## What is being asked
Would you please set down, word for word, the lines from the one with "David Stolhanske from" through the final line of the data below, omitting any pictures?

## Recorded data

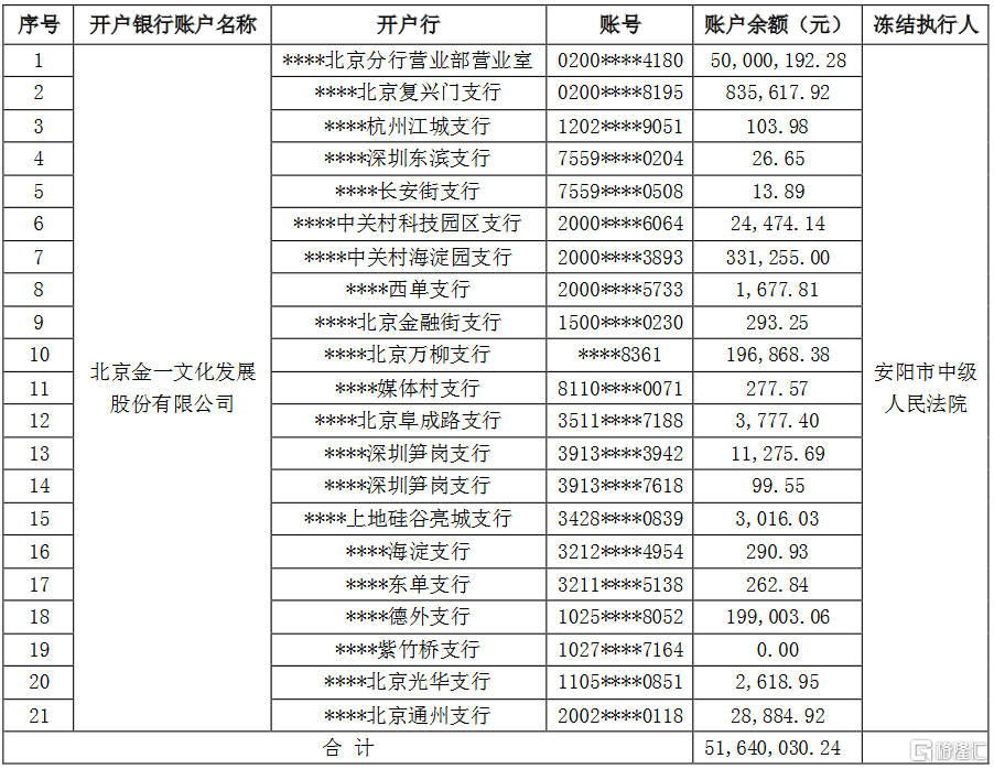 金一文化(002721.SZ)公布,公司近日查询获悉公司名下部分银行账户被冻结。具体情况如下:
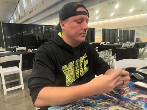 David Stolhanske from Minneapolis, Minnesota is competing in his first-ever YCS this weekend. He’s using a Mitsurugi Yummy Deck, which is a popular Deck for the tournament. Now, he’s facing off against Marc Routhier from Quebec in this Round 1 Feature Match! Routhier is using a Solfachord Yummy Deck. Routhier says he chose to use Solfachord cards instead of Mitsurugi cards because he believes that his Solfachord variant of a Yummy Deck is less vulnerable to cards like Nibiru, the Primal Being and Droll & Lock Bird, and is more consistent at achieving its goal. Routhier believes he sacrificed power for consistency by choosing to use Solfachord cards instead of Mitsurugi cards, but will it pay off? We’re about to find out. It’s time to Duel!
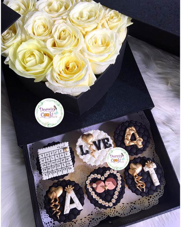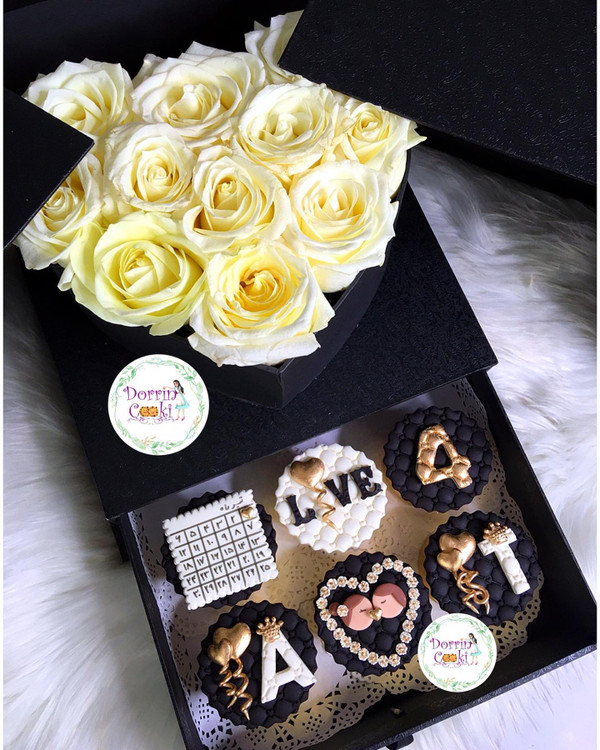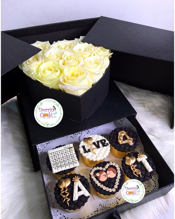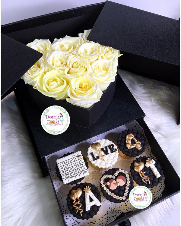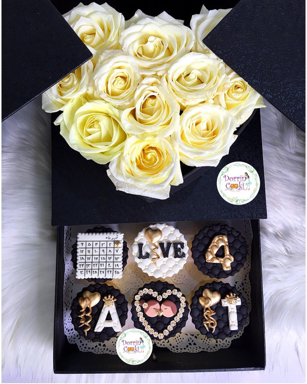 باکس سورپرایز لاکچری همراه کاپ کیک سالگرد ازدواج شامل جعبه سورپرایز لاکچری مشکی همراه گل رز سفید و نباتی همراه 6 عدد کاپ کیک شکلاتی سالگرد ازدواج

## Output of the exercise
 David Stolhanske from Minneapolis, Minnesota is competing in his first-ever YCS this weekend. He’s using a Mitsurugi Yummy Deck, which is a popular Deck for the tournament. Now, he’s facing off against Marc Routhier from Quebec in this Round 1 Feature Match! Routhier is using a Solfachord Yummy Deck. Routhier says he chose to use Solfachord cards instead of Mitsurugi cards because he believes that his Solfachord variant of a Yummy Deck is less vulnerable to cards like Nibiru, the Primal Being and Droll & Lock Bird, and is more consistent at achieving its goal. Routhier believes he sacrificed power for consistency by choosing to use Solfachord cards instead of Mitsurugi cards, but will it pay off? We’re about to find out. It’s time to Duel!
 باکس سورپرایز لاکچری همراه کاپ کیک سالگرد ازدواج شامل جعبه سورپرایز لاکچری مشکی همراه گل رز سفید و نباتی همراه 6 عدد کاپ کیک شکلاتی سالگرد ازدواج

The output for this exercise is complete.